At the same time, I believe in the Bible and when it says a thing is sin, I agree that it is. I realize and accept that others do not believe that the Bible is, or should be, referred to for direction. That is certainly everyone's right to believe. I also realize that to some, my belief in the bible seems foolish. I disagree, but I understand why you might think that. I, however, cannot change my belief because someone else thinks it's foolish.
My desire is to be a loving human being. My desire is to accept people where they are at and to enter into relationship with people. I enjoy relationship. I enjoy hearing different points of view. Even when I don't agree, I still am open to hearing how people see things. I enjoy dialoguing about differences as well. I want to know people and when I can, touch their lives in a positive way. I don't believe I have ever been able to reach this desire perfectly, but it is something I work at.
I don't enjoy or accept being told I am ignorant because I have a different opinion from the majority. I don't know anyone else who enjoys or accept that either.
Finally, I freely acknowledge my own sinfulness as a human being. Both now and in my past. I've made more choices than I can count that I now wish I could take back. The fact is that I can't take them back. I also realize that I will continue to make mistakes that hurt myself and others until the day I die.
I acknowledge that I wrestle with how to express my POV in a way that doesn't alienate anyone. I don't want to alienate people. It's the last thing I want to do! However, I am coming to the conclusion that in the discussion of some issues, it is nearly impossible to not alienate some people. Mainly because of foundational differences in idealogy.
I acknowledge that sometimes the way I express myself is terribly ineffective and even taken as hurtful. I hope I'll be forgiven for my failing in that area. I hope that anyone who has felt hurt by something I have said will accept my deepest apology for the hurt. It was never intended to be hurt. Truly.

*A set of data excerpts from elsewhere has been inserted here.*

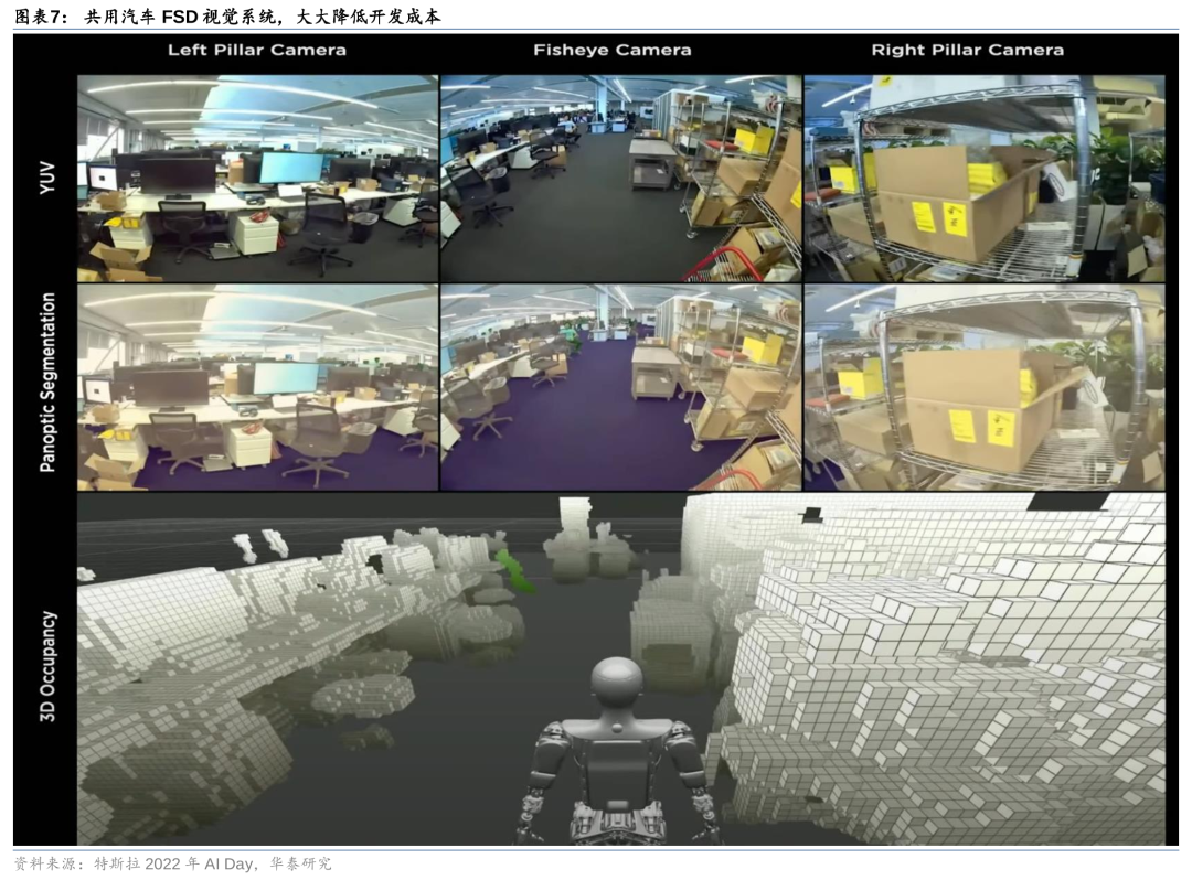 共用汽车FSD系统,特斯拉机器人已能够识别、记忆周围环境。通过共用特斯拉汽车上的FSD自动驾驶系统,特斯拉机器人已经可以利用视觉自主识别、记忆周围环境,构建地图。工程师也可以通过AI对其进行肢体的模拟训练,大大降低了其开发成本。
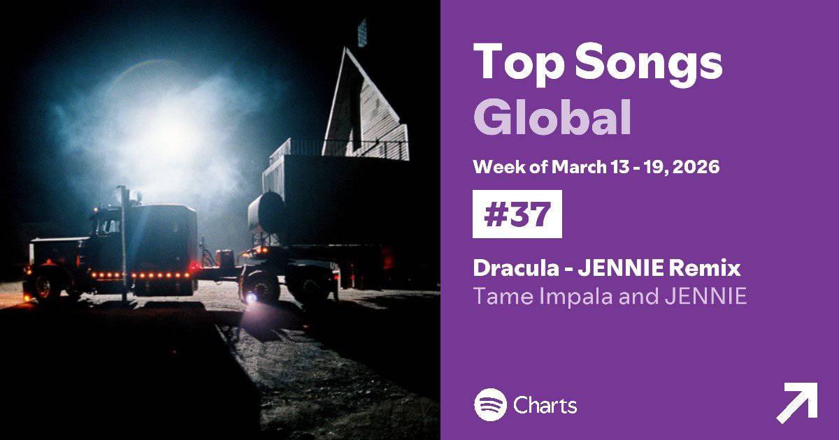 เพลง ‘Dracula’ (Remix) โดย Tame Impala และ JENNIE ขึ้นสู่อันดับสูงสุดใหม่ที่อันดับ #29 บนชาร์ต Spotify ทั่วโลก ด้วยยอดสตรีม 2.4 ล้านครั้ง
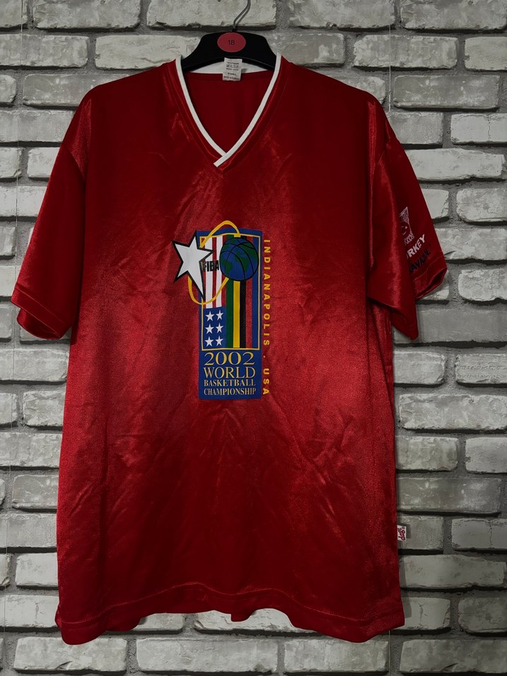 Kırmızı, parlak sentetik kumaştan, bol kesim ve V yakalı erkek spor forması. 2002 Dünya Basketbol Şampiyonası baskılı, kısa kollu, sportif ve iddialı tarz için ideal. İp atmaları var fakat giyime engel değildir.
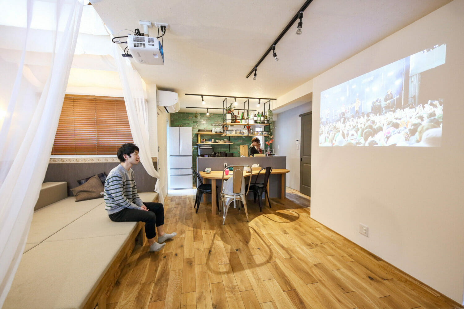 また、グランピングスペースの正面には、プロジェクターが設置されているので、ここで映画気分を味わえるようにもなっています🎬✨
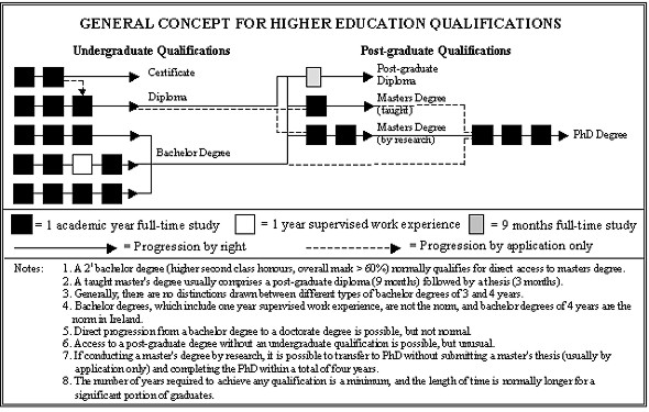 Figure 1 - Distinguishes between undergraduate and post-graduate qualifications and outlines a general concept for the Bologna Agreement, modelled on the existing Irish situation. Some national professional associations in western and central Europe are beginning to perceive the Bologna Agreement as a threat to the high quality of their existing qualifications at MSc. level, and the high standard required for membership. This feeling is compounded by the EU's notion that a professional is someone with a 'BAC + 3' qualification, when the reality is something quite different. The introduction of many bachelor degrees will generate a lively debate on what practically constitutes a professional. An investigation in this regard in Belgium is suggesting that the technical grade in surveying will comprise graduates with bachelor degrees and the professional grade will comprise graduates with master's degrees. The debate on the issue of what constitutes a professional is of prime importance, and should be discussed by national and pan European professional associations as a matter of urgency. I would suggest that a threshold of four or five years most likely at master's degree level might be the most appropriate for geodetic surveying. It is very important that academic institutions firstly communicate with industry and the national professional associations before any bachelor degrees are introduced. We do not want to have a situation whereby academic institutions are producing graduates on the false assumption that a bachelor degree will qualify the graduates for membership of national associations or access to appointments which were previously reserved for graduates with master's degrees. The European Commission carried out a review of the Sectoral and General Directives during the latter half of 2000 due to a perception that little progress has been made implementing procedures for mutual recognition of qualifications since the Directives were introduced. The adoption of the Commission communication on the future of the mutual recognition of professional qualifications has now been put back to spring 2001, however sources suggest that the Commission does not envisage proposing any change in the 'BAC + 3' threshold at this time. ConclusionsThe primary objective of the Bologna Agreement was to establish and promote the European system of higher education world-wide. This will only be successful if the basic underlying principles for education promoted in Europe are of a sufficiently high standard. There is a danger that the BAC + 3 threshold set by the EU is too low as a basic professional qualification and that the quality of existing European qualifications will be eroded, thus hindering the overall objective of the European Ministers of Education. CLGE has identified the need for a high level education, preferably a master's degree for European geodetic surveyors, which should be broad based to undergraduate level, and specialisation should only be introduced at post-graduate level. Curricula should contain a significant element of measurement science supporting a substantial understanding of land administration management and geographic information management. While it has not been possible for CLGE to produce a core syllabus, as was originally intended, we believe that we have made a significant contribution in highlighting some of the important issues, along with funding research to increase our knowledge in some areas. Curricula must be flexible to provide the skills necessary for a rapidly changing marketplace, but overall guiding principles and policies are necessary to ensure graduates have the competencies to solve the challenges they will meet in their careers. CLGE does not consider this report to be the final answer, but only the beginning of a process to investigate and debate these issues more widely, and to provide us with the knowledge to allow us choose good policies for the future of our profession. I suggest that the issues of "Educational Reform due to the Bologna Agreement" and "What constitutes a professional" are the next most important issues requiring investigation and debate for geodetic surveyors in Europe. ReferencesAllan, A. (1995): The Education and Practice of the Geodetic Surveyor in
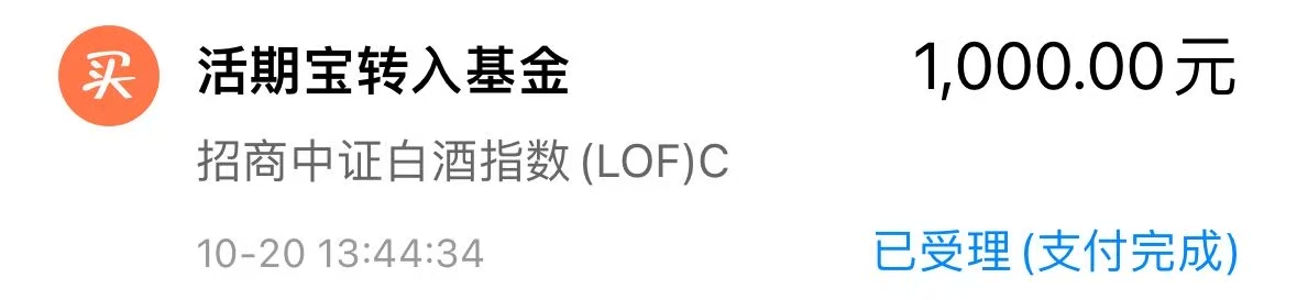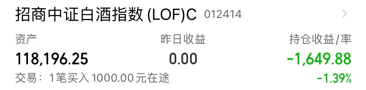 今天继续逢低加仓$招商中证白酒指数(LOF)C(OTCFUND|012414)$
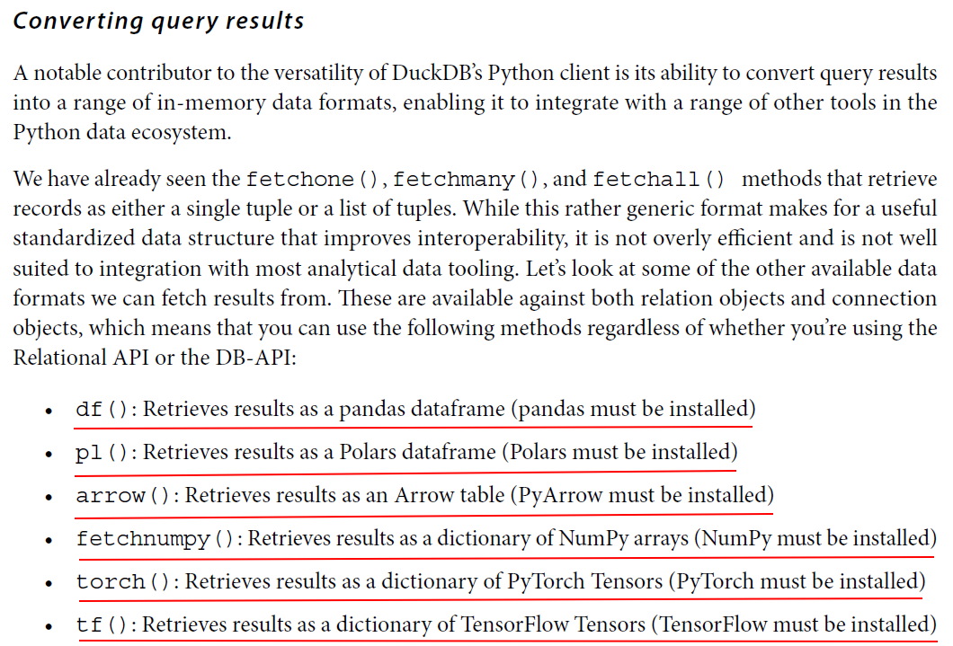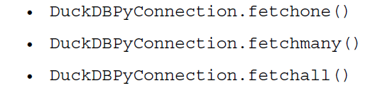 Note that this is not an exhaustive list; see the DuckDB documentation for reference (https://duckdb.org/docs/api/python/result_conversion).
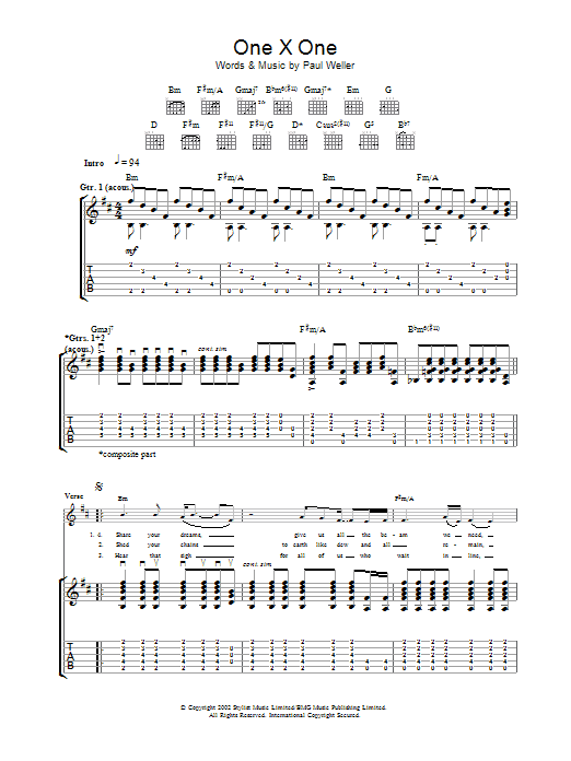 Download or print Paul Weller One X One sheet music, chords and digital score arranged for Guitar Tab. This Pop score includes 8 page(s).
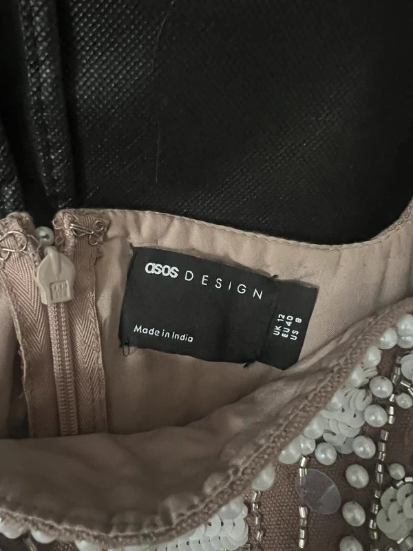 The ASOS Design Nude Denim Mini Dress with Sequins is available in sizes M.
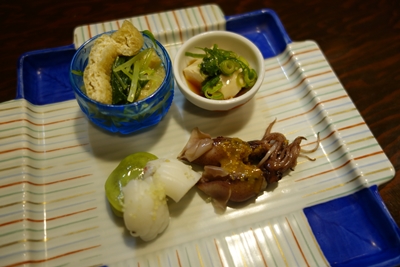 まずは生ビールで乾杯しました!マスターズドリームやはりうまいですね〜!最高です!続いて先付けとして、ほたるいか、イカの白子、鯖の白子、煮浸しが登場しました!鯖の白子!めちゃおいしいですね〜!しめ鯖もお店で作られているからこそいただける逸品!手がかかっています!
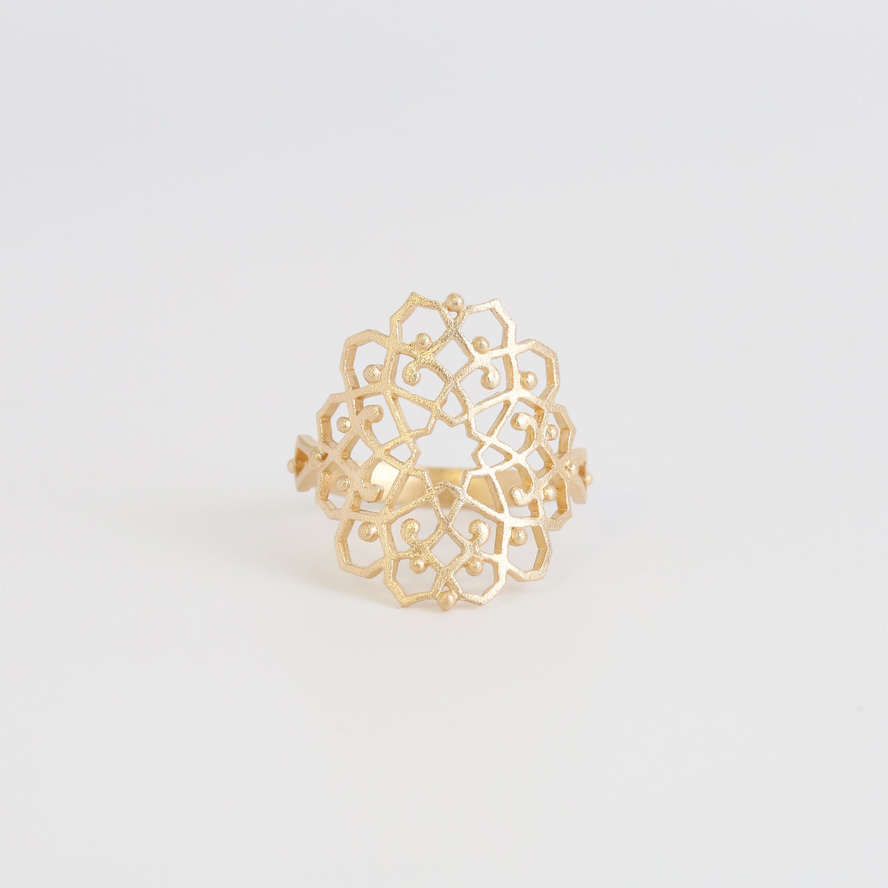 透かし柄モチーフの中でも人気のネックレスをベースに作り上げたK18ゴールドリング。ハンドクラフトで丁寧に作り上げたクチュール感のある華やかな表情。エレガントな光沢感を与える艶消し(ホーニング)加工に、ノスタルジックに咲き誇る透かしの花、肌馴染みが良く上品で存在感のある大人の手元を作り出してくれます。
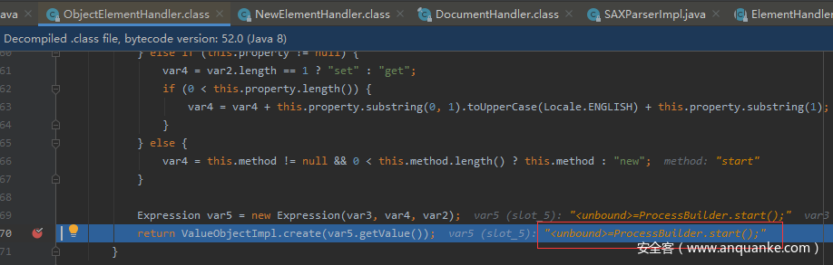 ProcessBuilder这个类在xml文件中有申明,然后到了invoke,成功执行命令。
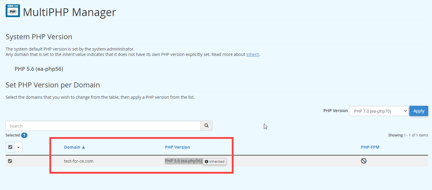 Select the domain(s) you wish to change to a new PHP version by clicking on the checkbox next to the domain in the table.
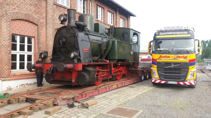 Am 29.5.2017 wurde Emma auf einen Spezialtieflader verladen und ging auf die Reise in den Harz, wo sie am 30.5. wohlbehalten ankam.
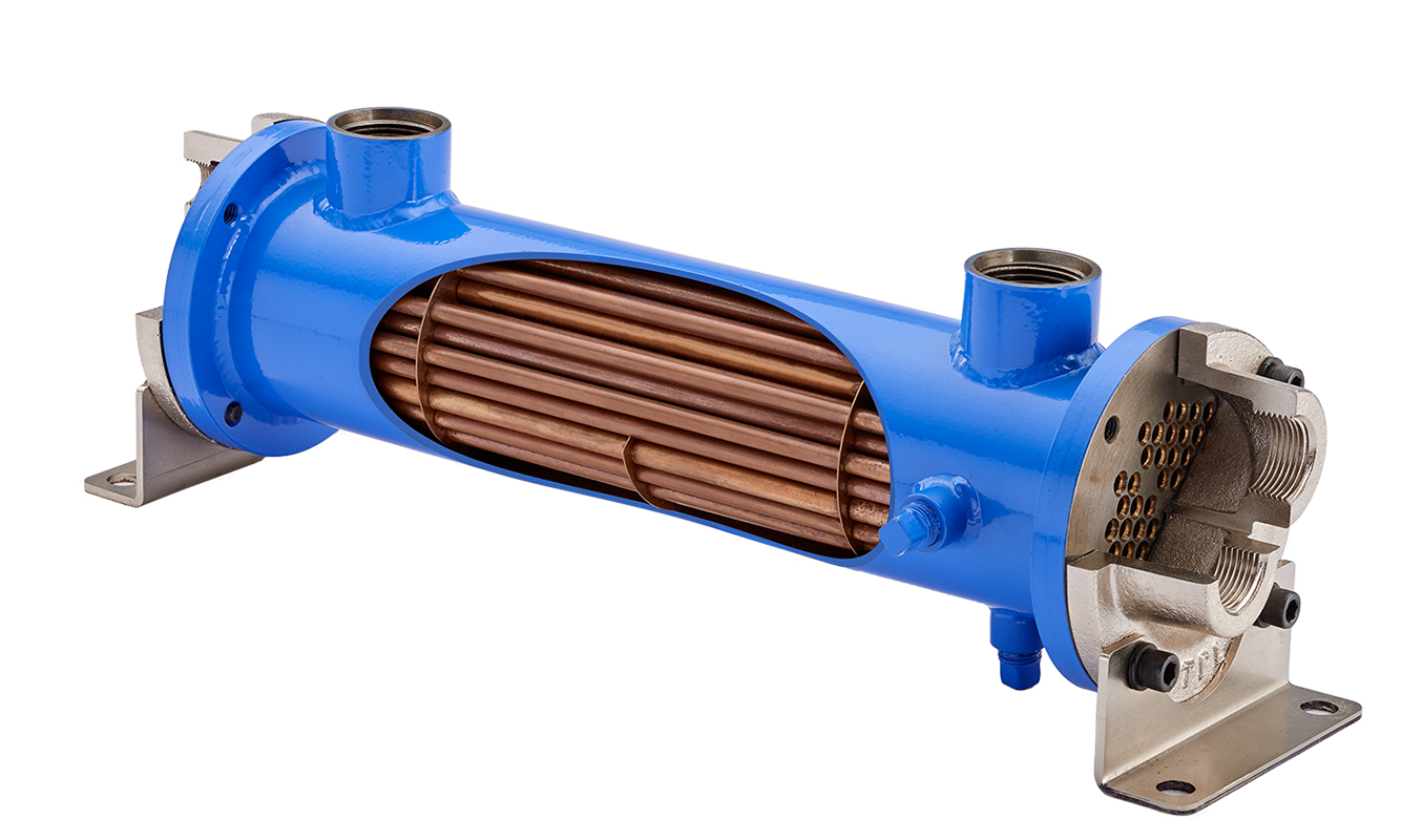 PREFERRED FOR NEW OIL-WATER APPLICATIONS,RUGGED STEEL CONSTRUCTION,LOW COST,NPT, SAE O-RING, SAE FLANGE, OR BSPP SHELL SIDE CONNECTIONS AVAILABLE,END BONNETS REMOVABLE FOR SERVICING,MOUNTING FEET INCLUDED (MAY BE ROTATED IN 90° INCREMENTS)
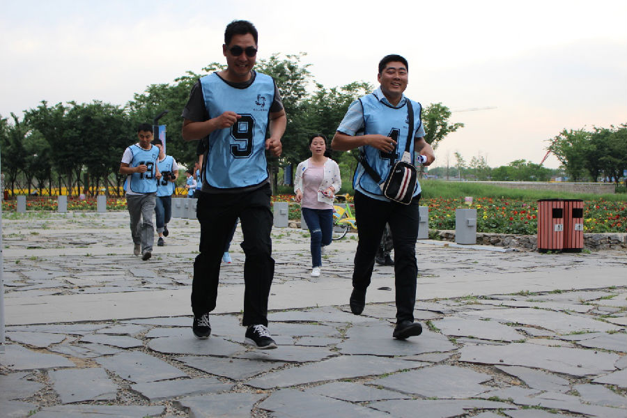 烈日炎炎,隨著“東方不敗、永遠(yuǎn)不敗”和 “屠龍隊、專治不敗”口號吶喊,兩支斗志昂揚的隊伍踏上三臺山尋寶征途。在指導(dǎo)教官的監(jiān)督下,按照尋寶秘籍的指引,隊員們?nèi)翰呷毫Γ群笸瓿伞凹w跳躍合拍”、“征集十二個陌生人合影”、“募集五十元”等寓意深刻的團(tuán)隊合作任務(wù)。尋寶全程7公里,在到達(dá)終點前路程中,隊員們體能已經(jīng)達(dá)到極限,但沒有一個人掉隊,大家相互扶持,沖刺到了終點。
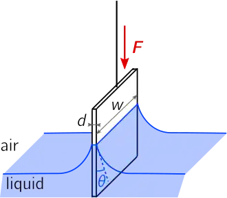 In general, surface tension may be measured with high sensitivity using very thin plates ranging in thickness from 0.1 to 0.002 mm. The device is calibrated with pure liquids like water and ethanol. The buoyancy adjustment is minimized by utilizing a thin plate and dipping it as little as feasible. Wetting water on a platinum plate is accomplished by using commercially available platinum plates that have been roughened to improve wettability.[3]

It takes a lot of courage to express ones opinion, especially when it is in the minority. The risk that one will be knocked down as a result is high. Some might say I have more courage than sense. Maybe this is true. I do not claim to have more understanding than the next person. I'm trying to grow in my understanding. Every. Single. Day. I do try. I hope those of you who are angry with me can trust me with that.
I appreciate all of you who visit me in my journey through this life. Thanks for stopping by.